LISTED RECORDS:
☆ ☆ ☆ ☆ ☆ ☆ ☆
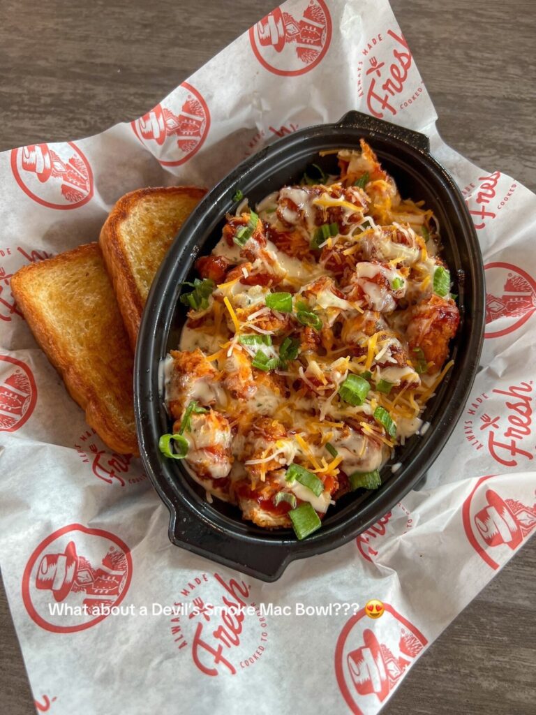 Devil’s Smoke Sauce is back for a limited time at Slim Chickens. The hot honey barbecue has a kick of crushed habanero. It’s available as a dipping sauce, on shaken wings or as part of the new Devil’s Smoke Sauce Mac Bowl.
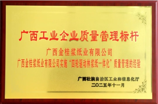 近年來(lái),金東紙業(yè)堅(jiān)定向綠、向智、向新轉(zhuǎn)型,成果顯著。在綠色低碳方面,金東環(huán)保總投入超20億元,并榮獲“國(guó)家級(jí)綠色工廠”、“全國(guó)水效領(lǐng)跑者”等稱號(hào);數(shù)智轉(zhuǎn)型上,金東自2019年開(kāi)啟數(shù)字化之路,并獲評(píng)“國(guó)家卓越級(jí)智能工廠”、“智能制造5G車(chē)間”等殊榮;產(chǎn)品創(chuàng)新層面,作為國(guó)家高新技術(shù)企業(yè),金東持續(xù)加大投入,進(jìn)一步推動(dòng)產(chǎn)品結(jié)構(gòu)優(yōu)化與多元化發(fā)展,近年投資建設(shè)的熱敏紙、特種紙新生產(chǎn)線已逐步投產(chǎn),彰顯實(shí)力與擔(dān)當(dāng)。 權(quán)威認(rèn)可 金桂漿紙榮獲“2025年廣西工業(yè)企業(yè)質(zhì)量管理標(biāo)桿”稱號(hào) 近日,廣西壯族自治區(qū)工業(yè)和信息化廳正式公布了2025年度“廣西工業(yè)企業(yè)質(zhì)量管理標(biāo)桿”名單,APP(中國(guó))旗下廣西金桂漿紙成功入選。這一榮譽(yù)標(biāo)志著金桂漿紙?jiān)谫|(zhì)量戰(zhàn)略、過(guò)程管控與可持續(xù)發(fā)展方面的實(shí)踐成果獲得權(quán)威認(rèn)可,為廣西工業(yè)質(zhì)量升級(jí)樹(shù)立了行業(yè)典范,也為傳統(tǒng)制造業(yè)向新質(zhì)生產(chǎn)力轉(zhuǎn)型提供可復(fù)制、可推廣的實(shí)踐范例。
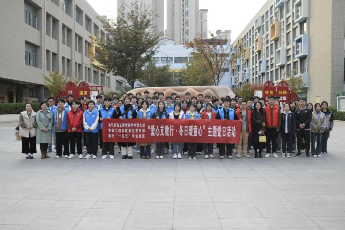 为进一步推进学院党建品牌“红旗先锋社”下属“红旗服务团”影响力,积极践行“走出去、引进来”理念,不断强化广大党员凝心铸魂强根基的使命担当,促进教育资源共享,发挥党员示范引领、辐射带动作用。11月8日电气信息工程学院党支部联合管理工程学院学生党支部、敏行一站式学生社区党支部,前往沙窝李小学共同开展“爱心支教行,冬日暖童心”主题党日活动。
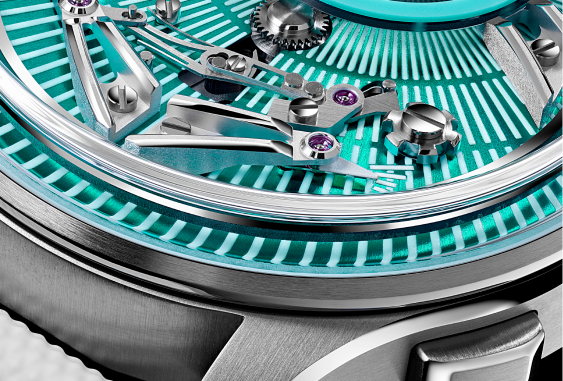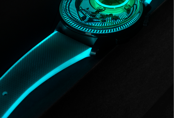 At its base lies an all-new platine, printed with multiple layers of Super-LumiNova® arranged in a shimmering sunray pattern. The lower two sectors glow blue, while the upper area is a vivid green, which all return to blue in daylight. Even the on/off indicator joins in, switching from white to a luminous emerald when the lights go out.
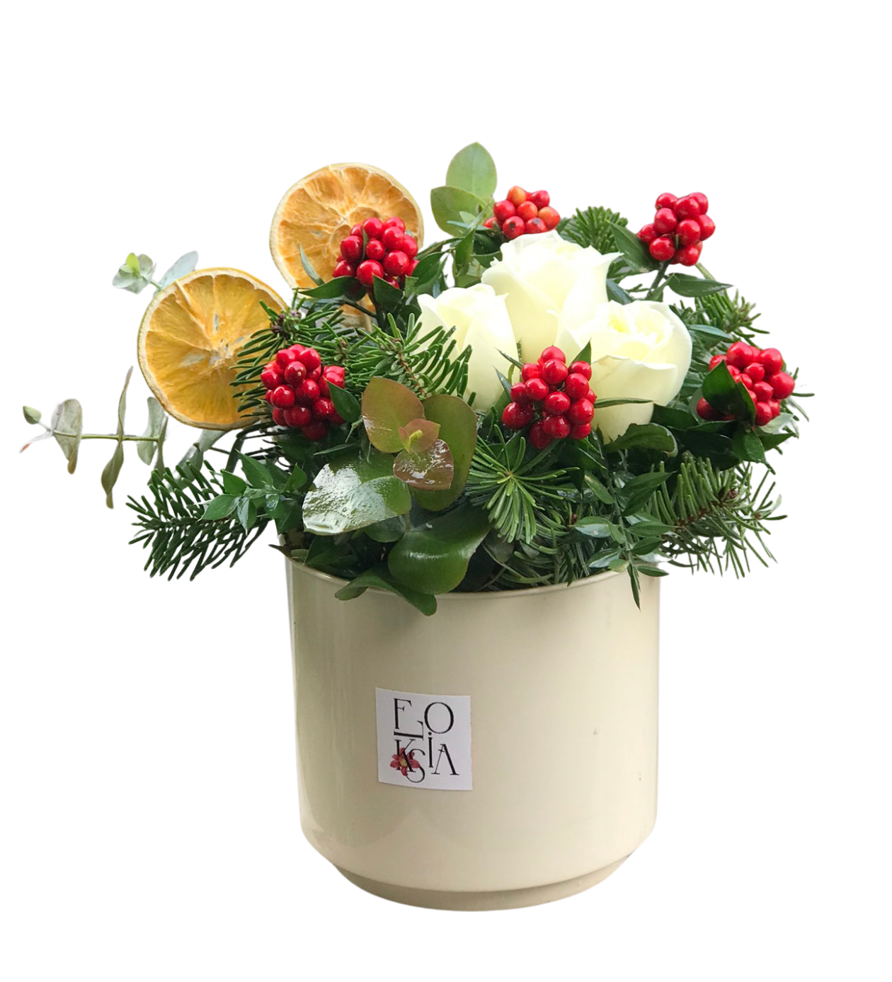 Yılbaşı çiçek aranjmanı, kokina aranjmanı, beyaz güllü yılbaşı tasarımı, Floksia yılbaşı çiçekleri, yeni yıl dekoratif çiçek
☆ ☆ ☆ ☆ ☆ ☆ ☆
TASK REQUIREMENTS: Every line from the one containing "At its base" to the last line of the material must be returned exactly. Leave out any pictures.

RESPONSE TO THE TASK:
 At its base lies an all-new platine, printed with multiple layers of Super-LumiNova® arranged in a shimmering sunray pattern. The lower two sectors glow blue, while the upper area is a vivid green, which all return to blue in daylight. Even the on/off indicator joins in, switching from white to a luminous emerald when the lights go out.
 Yılbaşı çiçek aranjmanı, kokina aranjmanı, beyaz güllü yılbaşı tasarımı, Floksia yılbaşı çiçekleri, yeni yıl dekoratif çiçek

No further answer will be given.